Indemnizaciones con topes de actualización.- Para el tema de las indemnizaciones, se dispuso que se excluirá del cálculo al aguinaldo, las vacaciones, los premios y otros beneficios que no sean de pago mensual. Además, la ley establece que las indemnizaciones dispuestas en juicios laborales se actualizarán por inflación, con un adicional del 3% anual, lo que -previo a la ley- quedaba a consideración de cada juez. Las grandes empresas podrán pagar las sentencias condenatorias por juicios laborales en hasta 6 cuotas, mientras que las Pymes tendrán hasta 12 cuotas mensuales.

El fondo de asistencia laboral.- Con este ítem las grandes empresas deberán aportar el 1% del salario de los trabajadores a una cuenta de inversiones destinada a ser utilizada para el pago de indemnizaciones. En tanto, las pymes transferirán el 2,5%. Estos porcentajes podrían elevarse al 1,5% para el primer grupo, y al 3% para el segundo. En caso de que el fondo no alcance para pagar el total de la indemnización, el empleador deberá hacerse cargo de la diferencia.

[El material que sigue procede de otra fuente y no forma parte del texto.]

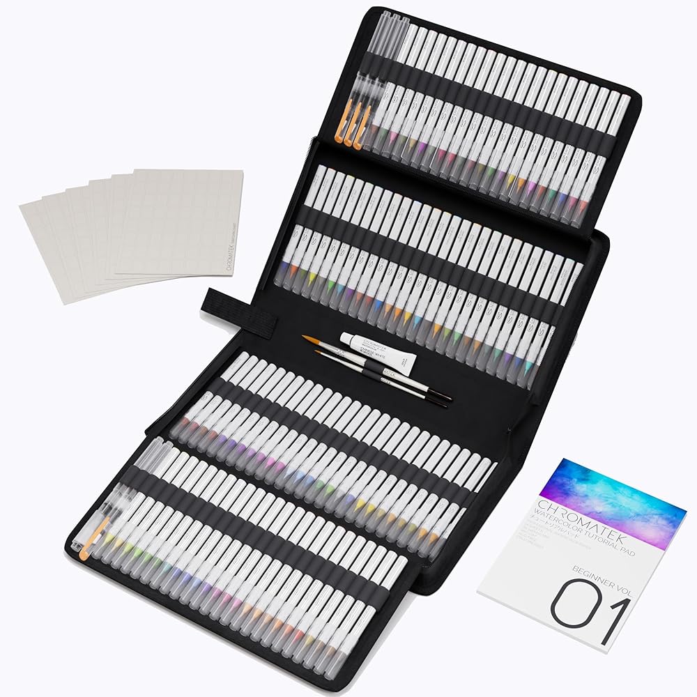 مجموعة أقلام الألوان المائية CHROMATEK 108 - لوحة مكونة من 15 صفحة وسلسلة دروس فيديو عبر الإنترنت - 5 Aquapens - 100 لون - لوازم فنية احترافية

Derecho a huelga.- La ley impulsada por el Gobierno nacional define una serie de “servicios esenciales” que no pueden brindar una prestación menor al 75% de su funcionamiento normal durante una huelga. Además de salud, producción, distribución de agua potable, energía eléctrica, gas y control del tráfico aéreo, considerados esenciales en la norma anterior, se incorporan las telecomunicaciones, la aeronáutica comercial, el control de tráfico portuario; los servicios aduaneros y migratorios; y la educación en todos sus niveles (salvo universitario). Por otro lado, crea una categoría de “servicios de importancia trascendental”. Estos servicios no pueden brindar una prestación menor al 50% de su funcionamiento normal e incluye: la industria de medicamentos, el transporte de pasajeros y mercadería, la radio y televisión, industrias como siderurgia, aluminio, cementera, construcción, aeropuertos, minería, correos, bancos, hotelería, gastronomía, comercio electrónico, entre otros.